Further, it was undisputed that BWW did not compensate restaurant employees and that GCEP was responsible for payroll, scheduling and employee record keeping as well as workers' compensation claims and unemployment insurance.

BWW was not vicariously liable under agency theory. The predominant test for holding a franchisor vicariously liable for the wrongful acts of its franchisee is whether the franchisor "controls or has the right to control the daily conduct or operation of the particular 'instrumentality' or aspect of the franchisee's business that is alleged to have caused the harm."

In the Title VII context, the alleged "instrumentality of harm" was properly characterized as the restaurant's general manager, who demoted the plaintiff from bartender to server because of her pregnancy and ultimately terminated her in retaliation for reporting sexual harassment by an assistant manager.

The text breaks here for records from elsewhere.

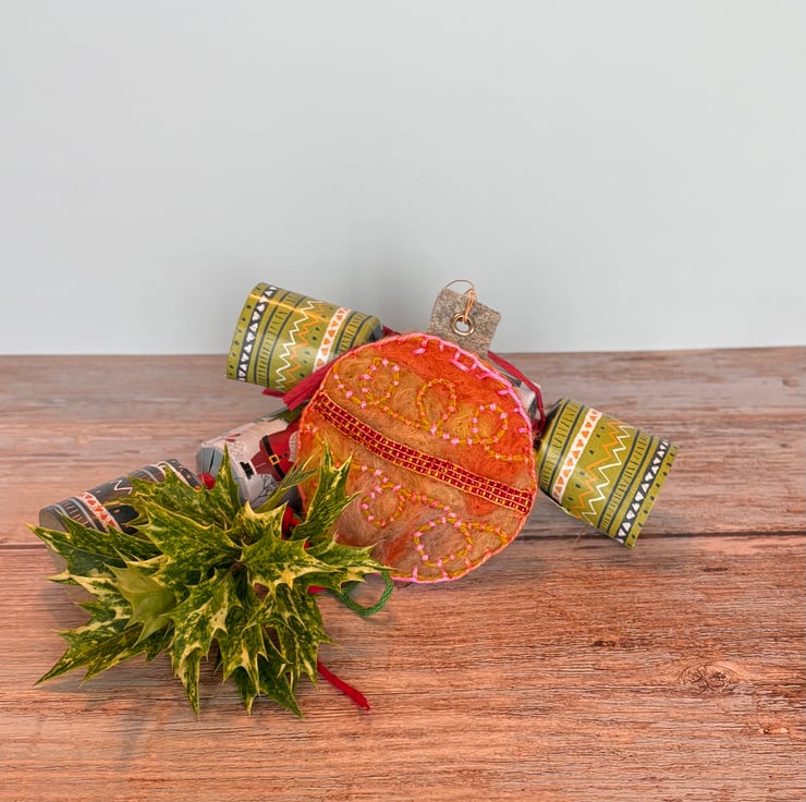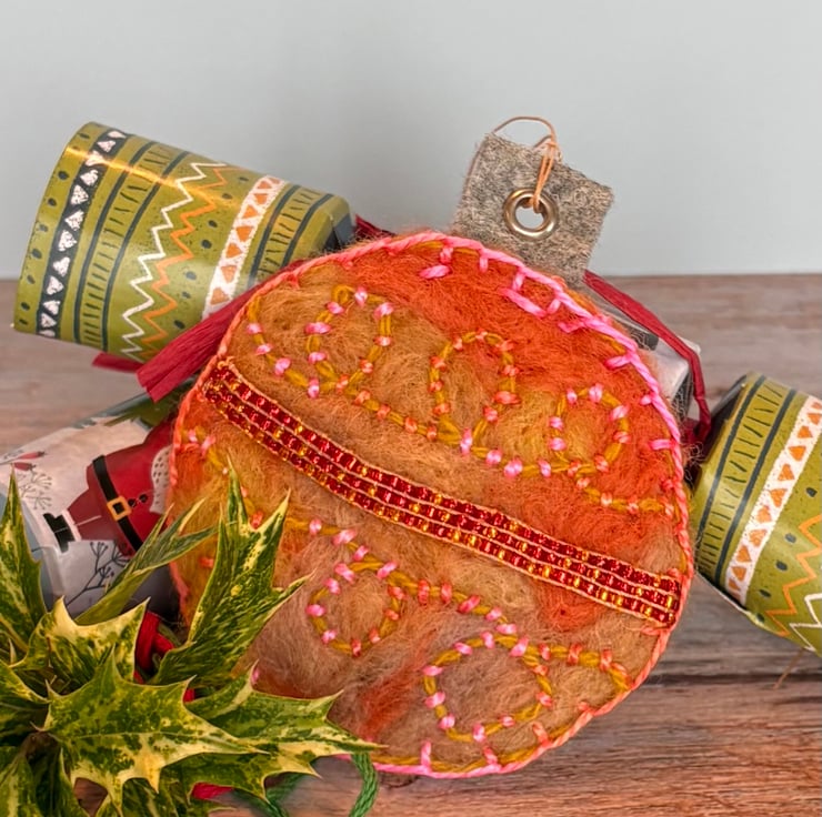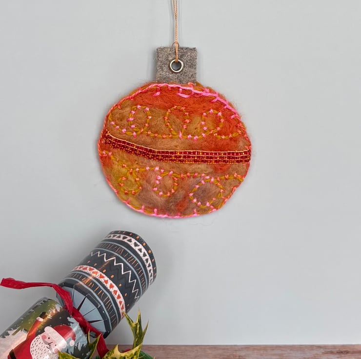 This hanging bauble Christmas decoration is created from a needle felted and embroidered piece embellished with woven beads and is strung on a waxed thread. It has a plain felt back.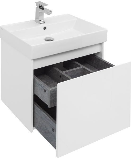 Мебель для ванной Aquanet Nova Lite 60 белоснежного цвета из влагостойкой ламинированной древесно-стружечной плиты выглядит нарядно. Подвесной монтаж придает визуальную легкость тумбе шириной 60 см. Тумба оборудована одним большим ящиком, внутри которого предусмотрен маленький с выемкой для установки сифона и разделителями, где удобно хранить необходимые в ванной комнате мелочи. Фасады выполнены с декоративной интегрированной ручкой, не имеющей острых краев и внутренних углов, что обеспечивает удобство в эксплуатации и легкий уход за мебелью. Ящики комплектуются направляющими немецкого производства Hettich Quadro, оснащенными доводчиками. Неглубокая и стильная керамическая раковина «Латина» идеально подходит к тумбе. Комплект дополняет зеркало с LED-подсветкой по периметру.
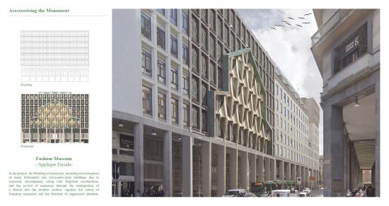 Through a series of provocative interventions to the existing modernist building, the project seeks to revive the memory of the pre-existing churches. Viewing monuments as symbolic markers of collective memory and cultural identity, akin to a city's logo, the project explores a multi-dimensional and intertwined narrative for the city’s modern history in the form of a Museum of Fashion. In this sense, the project explores the concept of the Hybridisation of Memory as a design methodology and through the analogical prism of fashion culture, it attempts to rewrite new histories and identities for the site.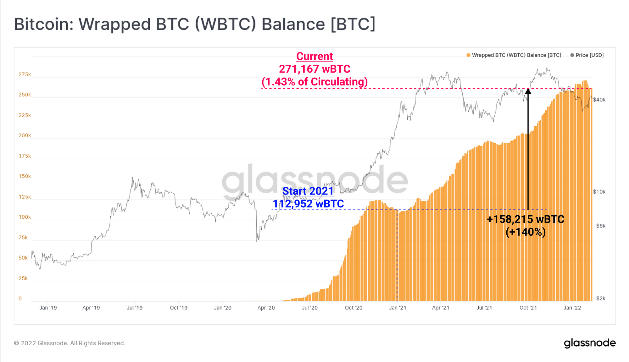 The wrapping of Bitcoin into wBTC for use within the Ethereum ecosystem has been in impressively high demand, having now absorbed 271,167 BTC, over 1.43% of circulating supply. wBTC supply has expanded by 140% since the start of 2021, growing by 158.2k BTC.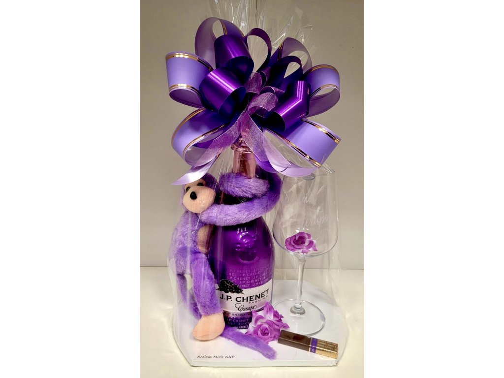 Obsahuje lahodné perlivé víno J.P. Chenet Cassis, stylovou skleničku s gravírováním „Tekutá terapie“ a měkoučkou plyšovou opičku, která se s úsměvem objímá kolem lahve.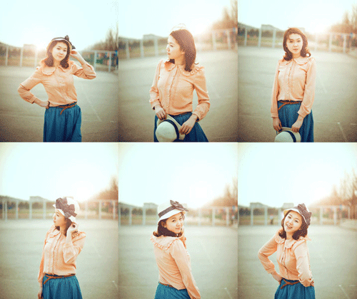 动态的抓拍,也就是你让妹子跑啊,跳啊,转圈啊,打滚啊,飞啊,然后你就一直连拍,总有一张你喜欢的,这个我觉得挺关键的,最自然的流露真情实感。这一些系列镜头可以组成一个画面来并用哦。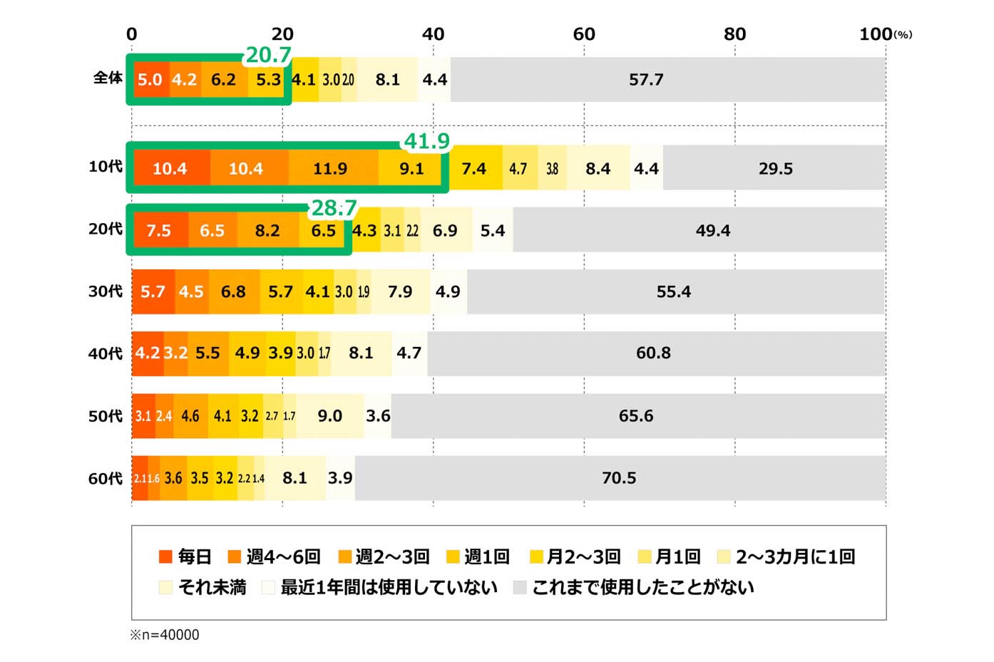 電通が実施した調査によると、対話型AIを週1回以上使用する人は20.7%で、特に10代では41.9%と高い割合を示しています。

The trial court found that even though BWW required GCEP to maintain the Restaurant's plant and signage in a specific manner, use authorized products, ingredients and vendors, and meet health and safety standards on a daily basis with the right of periodic expectations to ensure compliance with the franchise agreement; it did not control the daily conduct of the managerial staff. The district court drew a bright line between maintaining strict guidelines as to the presentation and operation of the restaurant versus control over the conduct of the restaurant's employees and staff.

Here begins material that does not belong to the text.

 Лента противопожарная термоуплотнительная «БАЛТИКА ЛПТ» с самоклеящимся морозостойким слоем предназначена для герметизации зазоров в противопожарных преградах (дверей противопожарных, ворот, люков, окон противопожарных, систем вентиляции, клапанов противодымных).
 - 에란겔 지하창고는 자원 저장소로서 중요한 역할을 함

Thus, without any evidence indicating to the court that the franchisor had any control over the hiring, firing or discipline of the store manager, BWW could not be held vicariously responsible for the store manager’s tortious conduct.

Six best practices that franchisors can learn from this case: This case presents several teaching points. First, franchisors must review their form franchise agreements at least annually.  Some questions to ask yourself in light of the Buffalo Wild Wings ruling are the following:

  1. Is my franchise involved in paying any salary or withholding, or provide benefits or insurance (such as workers compensation or unemployment) for workers employed by the franchisee?
  2. Does my franchise provide employee training materials to franchisees?
  3. Does my franchise provide any training materials that cover Human Resources functions?
  4. Do my agreements allow for the removal of any of the franchisee's executives, managers or staff?
  5. Do my standard franchising materials include an employee handbook or work rules that cover discrimination, harassment or compliance with any state or federal labor laws?
  6. When I (as a franchisor) conduct a site inspection of my franchisee, does the evaluation include assessment of the quality of service, management or employee conduct?

If the answer to any of the questions above is yes, you should consider consulting a trusted legal advisor for further advice.

DISCLAIMER: Because of the generality of this update, the information provided herein may not be applicable in all situations and should not be acted upon without specific legal advice based on particular situations.